Google visit index page and stops

Forum Moderators: open

Message Too Old, No Replies

Google visit index page and stops

max363

4:22 am on Aug 30, 2002 (gmt 0)

Googlebot visits my site and asks for the homepage and robots.txt but doesn't go farther than that, the first time googlebot visited was about 2 months ago and my site hasn't been listed, anyone know what could be wrong? If googlebot doesn't deep crawl does that mean googlebot doesn't like my site?

Brett_Tabke

4:29 am on Aug 30, 2002 (gmt 0)

Welcome to the board.

Get some inbound links. Google likes to crawl sites that have inbound links. There is no garantee that it will index and entire site that doesn't have links (pr value).

dcheney

4:30 am on Aug 30, 2002 (gmt 0)

Make sure that you don't have any problems on your site (i.e., validate the code) and make sure that the links off the main page are regular html (not java, javascript, flash, etc.).

Other than than, just wait. Eventually googlebot well settle in and grab it all.

Woz

4:36 am on Aug 30, 2002 (gmt 0)

Hi max363, Welcome to WebmasterWorld.

Check out Paynt's Getting Started [webmasterworld.com] thread for some more details about finding information here.

Brett is right about getting some incoming links as they will certianly help.

I would also question if it is only Google that has the challenge with deep spidering, or whether you have noticed other spiders sniffing but not coming in. If the latter, then you might want to double check your robots.txt file. First, make sure you have one (I assume you do) and second make sure the syntax is correct. You may think you arfe inviting spiders, but you may be inadvertantly sending them away by mistake.

Use the Search link at the top of the page and search for robots.txt and you should get some good clues on how to fine tune your robots file.

Onya
Woz

max363

5:12 am on Aug 30, 2002 (gmt 0)

I currently have only a couple of inbound links and most of my pages are php and a few are html.

The fast crawler also visits my sites and does that same thing as googlebot.

I currently don't have a robots.txt, will creating one help my changes of being indexed?

Beachboy

5:13 am on Aug 30, 2002 (gmt 0)

No.

Woz

5:31 am on Aug 30, 2002 (gmt 0)

>I currently don't have a robots.txt, will creating one help my chances of being indexed?

Theoretically no, but I believe there was a time an engine failed to index some sites because they didn't have a robots.txt.

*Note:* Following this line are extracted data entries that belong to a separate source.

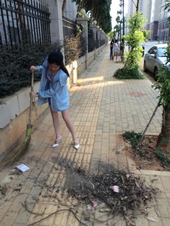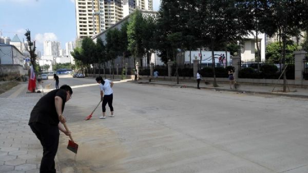 虽然当天天气炎热,但志愿者们不怕脏、不怕累,现场呈现出一派热火朝天的劳动景象。大家两三人一组分片包干,仔细地清扫路面,铲除路沿石边泥沙,清理人行道、绿化带里的树枝落叶和纸屑,并洒水冲扫路面沙尘。人多力量大,经过志愿者们三个多小时的艰辛劳动,共清扫面积4000余平方米,清除卫生死角11处,清理垃圾1卡车,使总部经济区周边环境面貌焕然一新,赢得了总部经济区各入驻商及过往市民的赞许。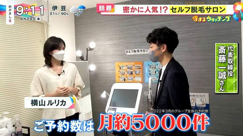 日本節目「めざまし8」最近研究了自助除毛店(セルフ脱毛サロン)的現象,於是到訪位於「セルフ脱毛サロン ハイジ」的東京新宿自助除毛店,詢問老闆後發現每個月預約的人數高達5000,以新型態美容店來說非常高!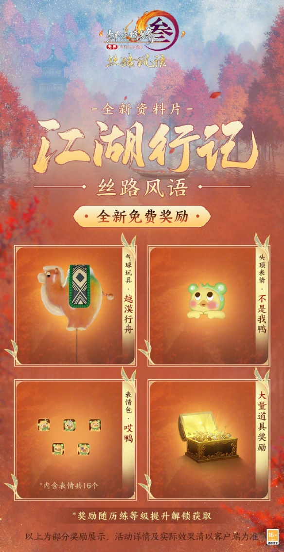 江湖行记会随着剑网3赛季更新,很多玩家想知道丝路风语江湖行记奖励有哪些,免费奖励有:气球玩具·越漠行舟、头顶表情·不是我鸭、表情包·哎鸭等等,接下来就由小编给大家带来了详细的《剑网3》丝路风语江湖行记奖励一览。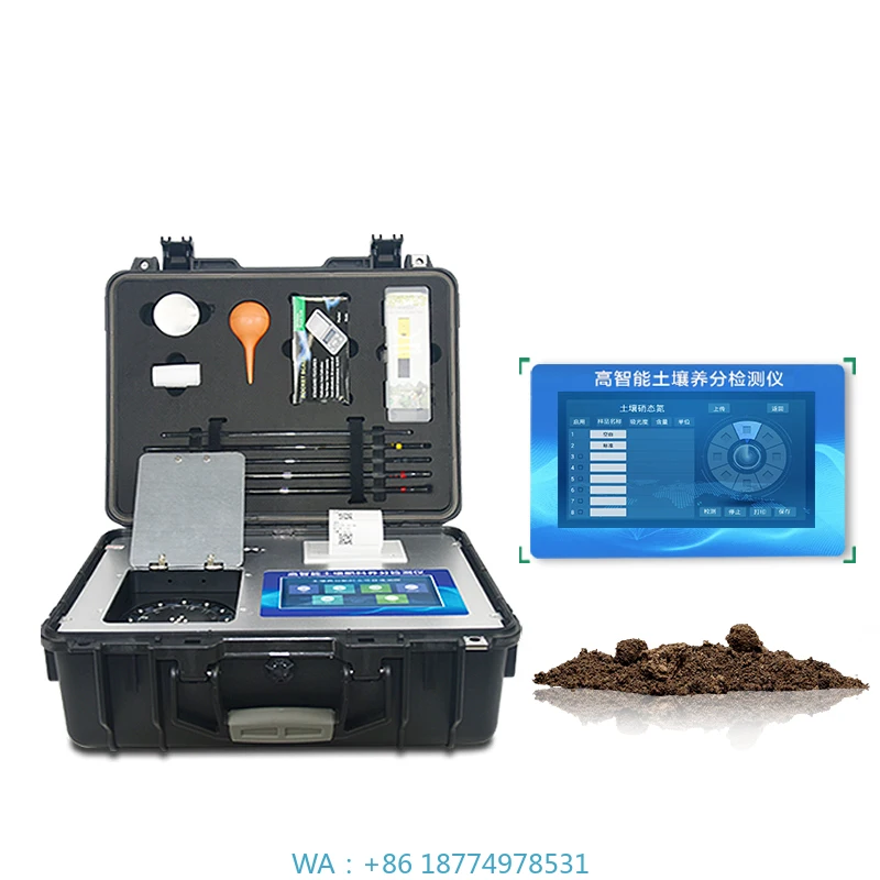 The kit includes the main analyzer and accessories needed for routine testing, packaged for portability and protection. Results assist in assessing soil health trends, adjusting nutrient applications, and optimizing irrigation practices. Suitable for general agricultural and horticultural use.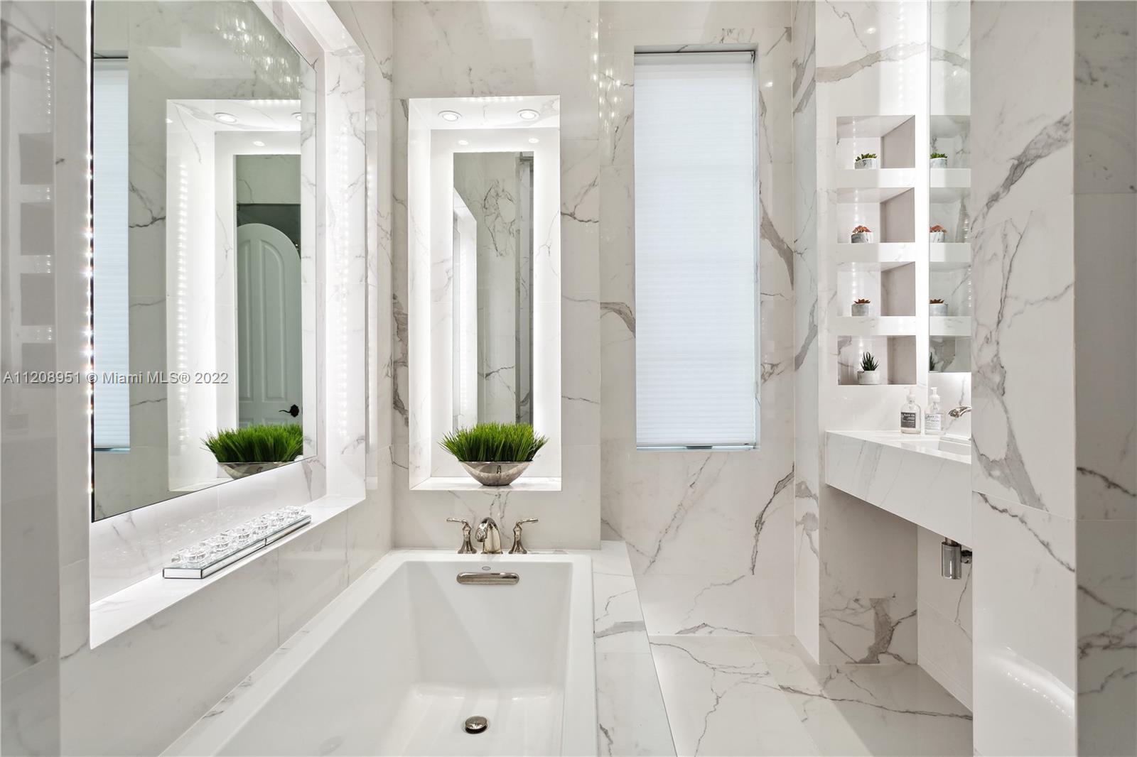 Exquisite, elegant, and sophisticated custom-made new home. Rarely has Miami Beach offered such a level of ornamentation and crisp details. Very bright with high ceilings, (12ft and 28ft), secured with 25 surveillance cameras and control panels, this home is the pinnacle of luxury and privacy. Opulent wall panels and millwork fabricated on site. Each ceiling is backlit with recessed LED lights. 8' interior doors, 24'' white marble tiles. Impeccably maintained design present throughout the home, leading to a manicured backyard with a large pool, spa, 4 submerged bar stools, and a BBQ area. Two-car garage with 28' ceilings allowing for extra lifts. Expansive center Cristall Quartz kitchen- island backlit with LED lights and 32' disappearing TV. See attachment for more details.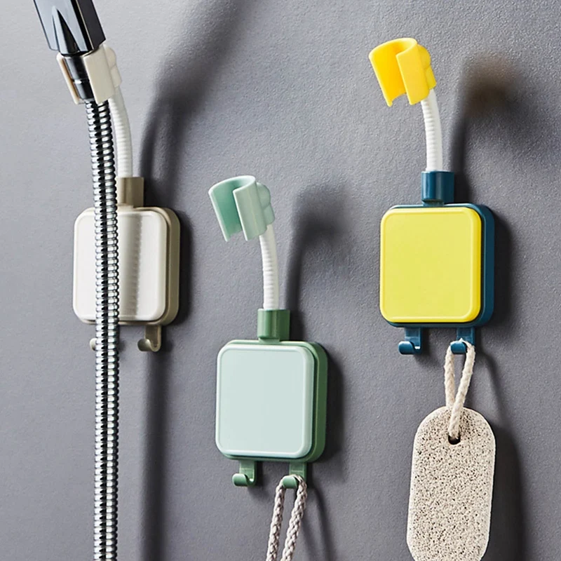 360° Shower Head Holder Universal Adjustable Self-Adhesive Showerhead Bracket Wall Mount With 2 Hooks Stand Bathroom Accessories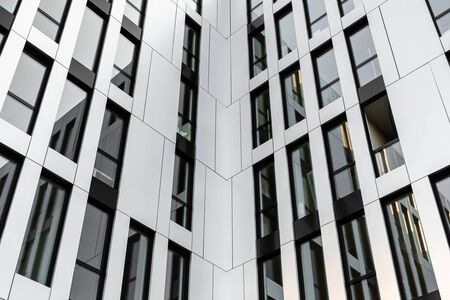 Modern European building. White building with many windows against the blue sky. Abstract architecture, fragment of modern urban geometry.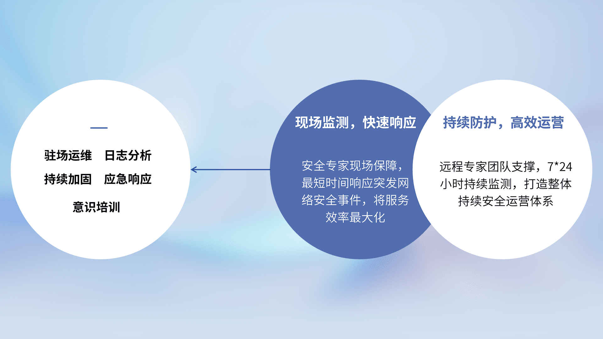 针对客户行业特性,,,,提供专属的一站式安全管理服务,,帮助客户全面感知网络空间威胁,,通过安全专家的线上、、、、线下防护支持,,,,实现风险闭环,,,,将安全保障常态化,,为客户打造常态化安全运维运营服务。。

Apparently a programming error on the part of the engine. However, I like to be sure these days and include on even if it is a standard "let every one in" file.

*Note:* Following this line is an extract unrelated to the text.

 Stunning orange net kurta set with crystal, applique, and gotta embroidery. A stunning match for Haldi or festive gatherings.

The other advantage of a robots file is being able to restrict parts of the site you don't want indexed. This may not be an issue at the moment, but it may be later on. Now is as good a time as any to start learning about implementing your robots file.

Onya
Woz

hutchins13

5:45 am on Aug 30, 2002 (gmt 0)

What do the links from the main page look like? Do they contain a user ID? If so, that could be the problem. It kept Google from moving through one of my sites (uses coldfusion) until the user ID was removed from the URL.

max363

6:22 am on Aug 30, 2002 (gmt 0)

all my links look like this: <a href="example.php">link</a>

max363

8:08 pm on Aug 30, 2002 (gmt 0)

looking through my logs, it looks like googlebot came this morning and actually went through some of my pages :)

Most of my pages have includes (example: <?php include ("menu.html"); ?>, would this have any affect to search engine crawlers?

SebastianX

10:59 pm on Aug 30, 2002 (gmt 0)

> Most of my pages have includes (example: <?php include ("menu.html"); ?>, would this have any affect to search engine crawlers?

No. The server will deliver the same content to the spider and the browser (when you don't cloak).

If you worry you can add this line to your root's .htaccess file
AddType application/x-httpd-php .htm
and *.htm files will be parsed for PHP. Just use *.htm instead of *.php.

colemanator

12:36 am on Sep 1, 2002 (gmt 0)

I had a similar problem about 2 weeks ago, visited the forum, made many adjustments and now I am being crawled just fine. I did add a robots.txt, not sure if it made a difference. I did notice that URLs with an undefined argument seemed to stump the spider.

EX: widgets.com/widgets.asp?type=&

They didnt like to go any further than that. Changed them to following:

EX: widgets.com/widgets.asp?type=black

Does anyone know if the size of a file prevents a crawl?

bcc1234

4:08 am on Sep 1, 2002 (gmt 0)

Check your links with something like xenu, cause I just published a site 3 days ago and it only has 2 links from other sites with pr 2 or 3.
And I already had about 300 pages crawled.

The domain is new, there is no robots.txt file.
I did not submit the site to google, just let it re-spider the pages with links and find the new site.